In the face of recent dire comments about the fate of the 16-nation single currency zone, the head of the OECD also insisted that the bloc had a long and productive future ahead of it.

Pressure, both political and financial, intensified on Ireland, with the government facing demands for an early confidence vote as it seeks to secure an EU-IMF bailout and get a hard-hitting austerity budget through parliament.

On the financial market the interest rate Ireland must pay to borrow jumped above 9.0 percent to 9.01 percent, signalling the reluctance of international fund managers -- responsible for investing huge sums of savings -- to lend to a struggling government.

Borrowing costs for Spain rose again to 5.190 percent from 5.064 percent late on Wednesday in defiance of government assurances that the country will not need a rescue.

And in Portugal, where the government says its debt is under constant market attack, the bond yield edged up to 7.020 percent from 7.016 percent.

German Chancellor Angela Merkel in a speech in Berlin sought to clarify comments made a month ago that bondholders should share in the the cost of rescuing governments in which they have invested.

The German position, and uncertainty as to when any changes might take effect, intensified investor anxiety and cranked up financial market pressure on Ireland, Portugal and Spain.

Merkel on Thursday made clear that her proposal would apply only to bonds sold after an existing rescue scheme expired in 2013.

"There is a high degree of nervousness in the markets, and therefore I would like to make very clear here what I have often said," Merkel said.

"We are not talking about changing the current crisis mechanism that expires in 2013. Everything will stay as agreed. What we are talking about is a crisis mechanism for the future."

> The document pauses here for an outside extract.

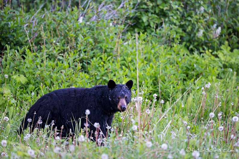 Als nächstes besuchten wir die Helmcken Falls, die auch wieder ein paar Kilometer weiter nördlich durch eine Stichstraße zu erreichen waren. Nach einer kurzen Wanderung erreichten wir auch hier den Wasserfall. Hier hatte sich der Murtle River tief in das Vulkangestein gegraben, sammelt sich in einer kleinen Höhle, aus der er dann 137 Meter tief in den Canyon stürzt. Für uns war dies der schönste Wasserfall im Park. Auch hier wäre jedoch das Licht am Nachmittag deutlich besser und so setzten wir unsere Fahrt durch den Park fort. Wir hielten noch an einigen Parkbuchten mit Ausblick auf den Fluss bis wir den nördlichsten Punkt des Parks, den großen Clearwater Lake erreichten. Dort gibt es einen riesigen Campingplatz mit Versorgungsmöglichkeiten, sowie ein Mini-Restaurant mit Terrasse und herrlichem Blick auf den See und einen Bootsverleih. Das Beste für uns waren jedoch die Münzduschen, wo man für 2$ 3 Minuten duschen konnte, was wir sofort ausgiebig nutzten. Frisch gewaschen und gekleidet stürzten wir uns wieder in den Park, denn mittlerweile war es mittags und Chris wollte unbedingt die vielgepriesenen Buffalo Burger kosten. Leider war der Ausflug zu der Ranch umsonst, denn aus Personalmangelgründen war das Restaurant geschlossen. Der Abstecher aus dem Park hinaus war zwar umsonst, aber dafür sahen wir auf dem Rückweg unseren ersten Schwarzbären im Park. Er fraß sich durch das saftige Gras einer Pusteblumenwiese und war überall mit kleinen Fallschirmen übersät.
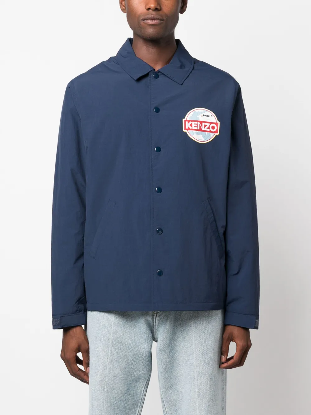 Темно-синий, принт с логотипом на груди, принт с логотипом сзади, классический воротник, застежка на кнопках спереди, длинные рукава, манжеты на липучках, два кармана по бокам и прямой подол.

Merkel and French President Nicolas Sarkozy were due to hold talks by phone later on Thursday, with the German business daily Handelsblatt reporting that the German proposal was running into opposition in Europe, including from France.

The head of the Eurogroup of finance ministers, Jean-Claude Juncker, also voiced concern that Germany was trying to impose a solution on a follow-on crisis mechanism.

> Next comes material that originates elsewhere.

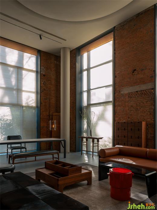 The initial seriousness is broken by the "peek" and "niche" between transmitting and receiving above the entry screen wall. The design’s fun unintentionally disclosed "niche" is ready to be recognized. The switch for altering the ambiance in the workplace area is also by the lighting. The Forbidden City's orange lights shine on the gray brick floor as office workers leave during the day, giving the area a distinctive Eastern look and shadows.

"What I am concerned about is that the joint method, that is to say a joint decision is taken by all of the members of the European Union, is not discredited in favour of an intergovernmental method, which would see the big states decide things between themselves," he was quoted as saying in the regional German weekly Rheinischer Merkur.

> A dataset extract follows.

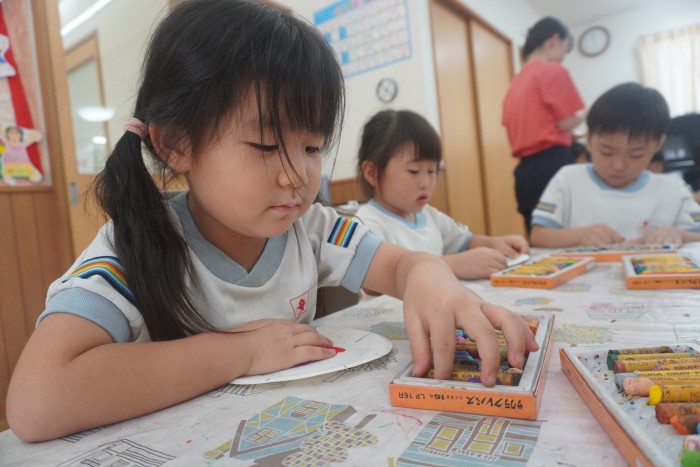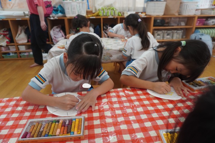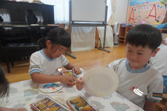 次は紙皿に好きな絵を描いて、線に合わせて切り込みを入れてフリスビーの完成♪

France and Germany are nonetheless working on a new crisis mechanism that would defend the euro against speculators.

"We are confronted today by an attack by speculators on Europe and on the euro, with countries that could appear fragile the first in speculators' sights," French Foreign Minister Michelle Alliot-Marie told reporters after meeting German counterpart Guid Westerelle in Berlin.

"Very rapidly there is going to be a system that will be a system allowing us to respond comprehensively and durably in order to ensure that the euro has a solid future."

Elsewhere in her speech Merkel maintained that eurozone countries had made good progress in bringing their deficits under control since the Greek crisis last May.

"I am more confident than in the spring that the eurozone will make it out of the current turbulence," she said.

The chancellor also said she saw no danger at present of any eurozone member being forced to restructure its debt.

The head of the Organisation for Economic Cooperation and Development, Angel Gurria, likewise offered a vote of confidence in eurozone prospects in the face of the current crisis.

"The euro as a currency has a long life, it is alive, well and kicking and more countries will be joining in the future instead of leaving," he asserted.

"The euro area is going to be growing and continue to be largest trading bloc in the world."